2. line 9-10, 14-15: bfs and list reversal of n nodes takes $\mathcal{O}(n)$ times.
3. line 18-49: The loop runs n times. The variable assignments, comparisons, `max()`, array access and data member access take constant times. So, the loop takes $\mathcal{O}(n)$ times.
Therefore, the algorithm takes $\mathcal{O}(n)$ times.
### Question 2
#### Definition
Let P[i, j] be the length of longest possible increasing path ended at position (i, j).
#### Recurrence
**Base Case:**
M[0,j] and M[j,0] = ∞ $\forall i,j \in [0,n]$.
The base case is set at infinity such that the cell cannot be reached outside the boundary.
**Recursive cases:**
**Case 1:** $M[i,j] > M[i-1,j]$ and $M[i,j] > M[i,j-1]$
M[i,j] can be reached from the left or the top.
Therefore, the longest path length ended at M[i,j] is max{P[i-1,j],P[i,j-1]} + 1. And it can be reached by extending the longest path from M[i-1,j] or M[i,j-1], whichever is longer.
**Case 2:** $M[i,j] > M[i-1,j]$ and $M[i,j] \leq M[i,j-1]$
M[i,j] can only be reached from the top.
Therefore, the longest path length ended at M[i,j] is P[i-1,j] + 1. The path extends the optimal solution at M[i-1,j] to one further down.

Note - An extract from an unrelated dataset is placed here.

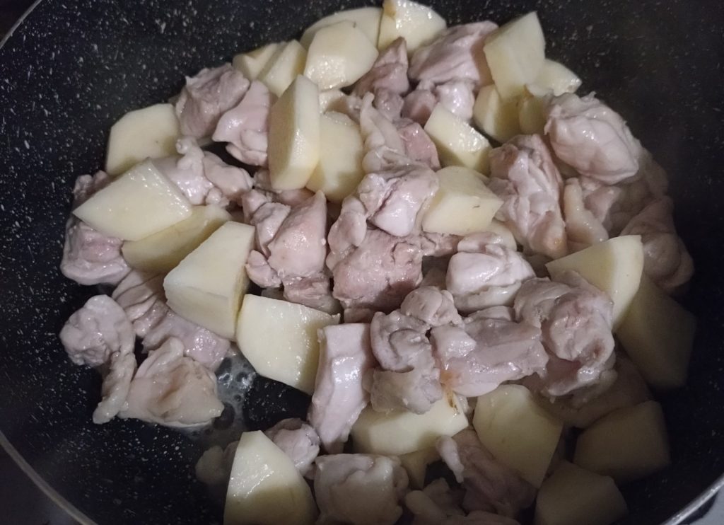 ある程度肉に火が通ったら、一口サイズにカットしたじゃがいもを入れます。

**Case 3:** $M[i,j] \leq M[i-1,j]$ and $M[i,j] > M[i,j-1]$
M[i,j] can only be reached from the left.
Therefore, the longest path length ended at M[i,j] is P[i,j-1] + 1. The path extends the optimal solution at M[i,j-1] to one further right.
**Case 4:** $M[i,j] \leq M[i-1,j]$ and $M[i,j] \leq M[i,j-1]$
M[i,j] cannot be reached from the left or the top. Therefore, no other paths can stop at M[i,j], except the path that only contains itself. P[i,j] = 1 and the path is [M[i,j]]

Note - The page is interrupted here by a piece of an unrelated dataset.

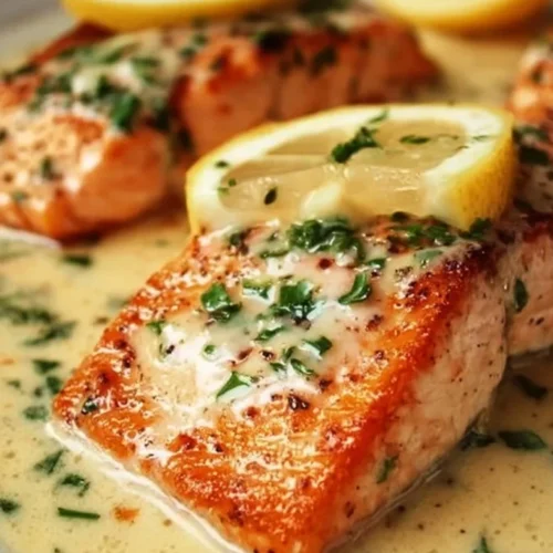 This dish is simply salmon fillets marinated briefly in a bright lemon-Dijon mixture, baked until just opaque, then finished with a luscious lemon butter cream sauce. The flavor balances bright acidity (lemon) with savory depth (Dijon, garlic) and rich creaminess (butter and heavy cream). The cooking method is straightforward: a quick marinade followed by roasting in a skillet or baking dish at high heat (425°F / 220°C) so the salmon cooks quickly and stays moist. People often serve this for weeknight dinners, simple entertaining, or even a slightly elevated brunch when paired with soft polenta or wilted greens. The overall vibe is comforting and refined—comfort food with a light, elegant touch.

***Combinition of four cases:***
Since we are solving the problem from top-to-bottom, left-to-right, the previous optimal results for use in $P[i,j]$ are available.

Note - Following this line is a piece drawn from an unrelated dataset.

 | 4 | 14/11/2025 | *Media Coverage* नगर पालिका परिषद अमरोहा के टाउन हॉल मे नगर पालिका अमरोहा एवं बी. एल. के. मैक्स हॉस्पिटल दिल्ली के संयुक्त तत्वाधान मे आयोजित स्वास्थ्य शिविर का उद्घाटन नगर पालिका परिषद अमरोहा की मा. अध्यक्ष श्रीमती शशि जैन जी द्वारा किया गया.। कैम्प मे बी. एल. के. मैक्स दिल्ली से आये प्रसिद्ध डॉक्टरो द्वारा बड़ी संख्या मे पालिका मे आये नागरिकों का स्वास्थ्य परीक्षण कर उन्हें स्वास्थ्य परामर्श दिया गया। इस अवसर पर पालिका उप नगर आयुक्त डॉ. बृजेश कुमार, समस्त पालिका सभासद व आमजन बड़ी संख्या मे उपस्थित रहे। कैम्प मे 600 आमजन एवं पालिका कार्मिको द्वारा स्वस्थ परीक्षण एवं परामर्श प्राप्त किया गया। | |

$P[i,j] = \left\{ \begin{array}{rcl}
\max\{P[i,j-1], P[i-1,j]\} & \text{if} & M[i,j] > M[i-1,j] \text{ and } M[i,j] > M[i,j-1] \\
P[i-1,j] + 1 & \text{if} & M[i,j] > M[i-1,j] \text{ and } M[i,j] \leq M[i,j-1] \\
P[i,j-1] + 1 & \text{if} & M[i,j] \leq M[i-1,j] \text{ and } M[i,j] > M[i,j-1] \\
1 & \text{if} & M[i,j] \leq M[i-1,j] \text{ and } M[i,j] \leq M[i,j-1]
\end{array} \right.$
#### Reconstructing the optimal solution
Then, we can find the ending point of the longest path and track the path back.
We first locate the the location (i, j) where the maximum path is ended at and add it to the resulting array `output`. - (\*)
Then we repeat the following steps after until P[i,j] = 1, i.e. the start of the path.
1. Determine where the current cell is reached from.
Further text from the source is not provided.